The findings for PE require more cautious interpretation. Although most included studies reported reduced circulating Klotho in PE, the pooled effect was not statistically significant and heterogeneity was extremely high. Sensitivity analysis showed that the exclusion of Loichinger et al. rendered the pooled association significant, identifying that study as a major source of heterogeneity. This discrepancy is not trivial and likely reflects genuine biological and methodological differences rather than simple statistical noise. Loichinger et al.[13] examined women in the last trimester and found increased maternal plasma alpha-Klotho in PE, with higher levels associated with reduced accelerated villous maturation. The authors interpreted this as a potentially compensatory systemic response. By contrast, other studies, including Miranda et al. [9] and Fan et al.[11], reported lower maternal or placental Klotho in PE and linked these reductions to poorer fetal growth or placental dysfunction. Sabren et al.[16] further complicated the picture by showing that blood alpha-Klotho concentrations could be relatively preserved during pregnancy while placental membrane Klotho and Klotho activity were reduced in complicated pregnancies. Collectively, these findings suggest that circulating and placental Klotho may not move in parallel in PE, and that gestational timing, disease severity, concomitant fetal growth restriction, specimen type, and the specific Klotho isoform measured may substantially affect the observed direction and magnitude of association.

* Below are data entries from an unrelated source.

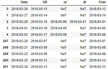 用 TBL 函数来确定三隔栏中的哪一个隔栏被突破了。下面代码第 3 行做的就是这件事,在 'VB', 'ut' 和 'dt' 栏下的日期中找出最小值(把 NaN 当做无限大),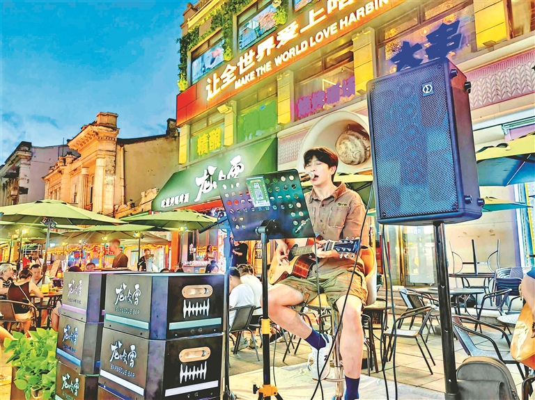 华灯初上,位于道里区的河山街迎来了一天中人气最旺的时刻。排队等待的食客、餐桌前的欢笑声、空气中弥漫的各种美食香味,以及电子支付到账的提示音……
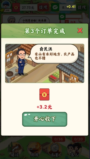 这是一款满溢田园气息的模拟经营游戏,你能凭借辛勤劳作完成一个个订单,进而收获丰厚红包,趣味十足!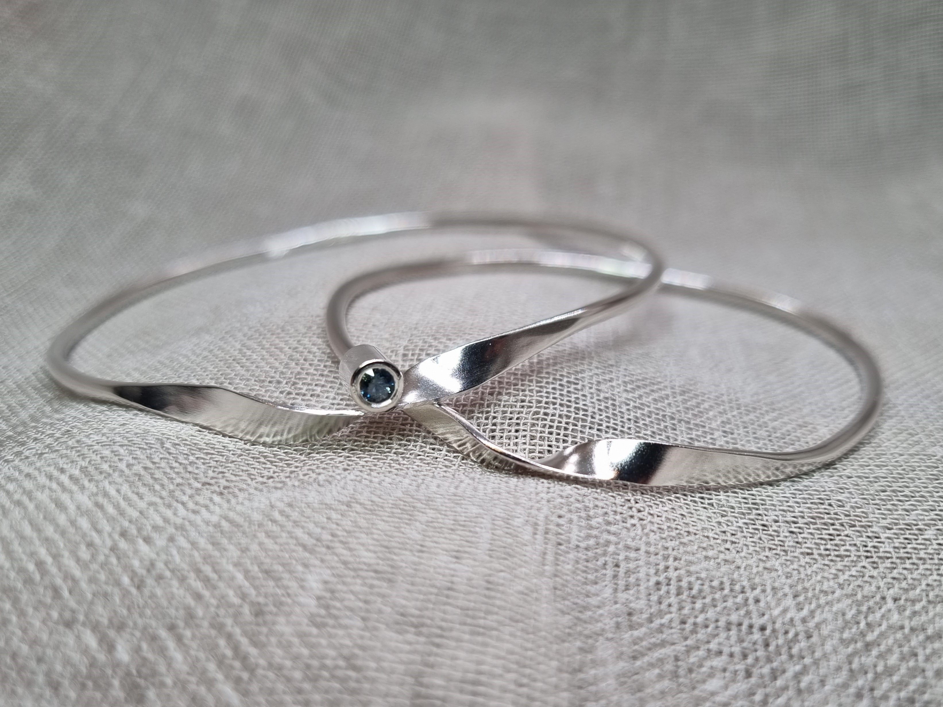 The Hybrid Mobius Bangle is 2mm wide and handmade with a Mobius centre segment.

This distinction between systemic and placental Klotho may be central to understanding the literature. Circulating Klotho during pregnancy may be influenced not only by placental production but also by maternal kidney function, endothelial status, cleavage of membrane Klotho by ADAM10/17, and volume-related physiological changes.[13] Placental Klotho, in contrast, may more directly reflect local trophoblast expression and placental stress biology. The stronger and less heterogeneous placental association observed in our analysis supports this interpretation.[10,16] It also offers one explanation for why fetal growth-related outcomes, which are closely tied to placental function, showed a clearer signal than PE as a broad syndrome. PE is clinically and biologically heterogeneous, encompassing early- and late-onset forms, variable placental contribution, and different degrees of maternal endothelial involvement.[6] Therefore, a biomarker closely linked to placental aging may perform better in identifying placental insufficiency phenotypes than PE considered as a single pooled diagnosis.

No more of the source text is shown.